* _Available data_:
- - -
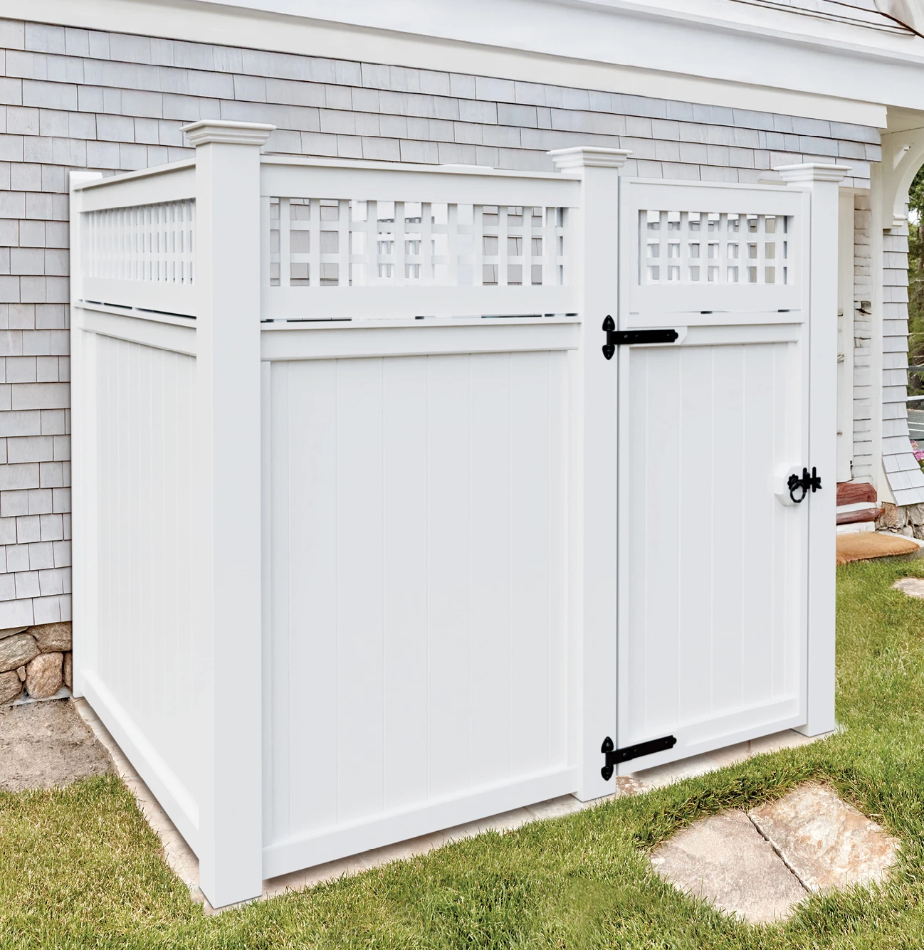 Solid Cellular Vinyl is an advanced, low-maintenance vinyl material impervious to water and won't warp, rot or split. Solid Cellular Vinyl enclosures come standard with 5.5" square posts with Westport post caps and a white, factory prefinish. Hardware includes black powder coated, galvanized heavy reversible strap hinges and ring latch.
- - -
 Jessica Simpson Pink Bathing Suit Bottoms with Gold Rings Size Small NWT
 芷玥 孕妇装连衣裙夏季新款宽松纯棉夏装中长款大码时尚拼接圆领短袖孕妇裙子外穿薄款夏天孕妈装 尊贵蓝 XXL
- - -
* _Exercise aim_:
Once you find the line with "Jessica Simpson Pink" in the entries above, output it and each line after it up to and including the line with "芷玥 孕妇装连衣裙夏季新款宽松纯棉夏装中长款大码时尚拼接圆领短袖孕妇裙子外穿薄款夏天孕妈装 尊贵蓝", and nothing else.

* _Solved exercise_:
 Jessica Simpson Pink Bathing Suit Bottoms with Gold Rings Size Small NWT
 芷玥 孕妇装连衣裙夏季新款宽松纯棉夏装中长款大码时尚拼接圆领短袖孕妇裙子外穿薄款夏天孕妈装 尊贵蓝 XXL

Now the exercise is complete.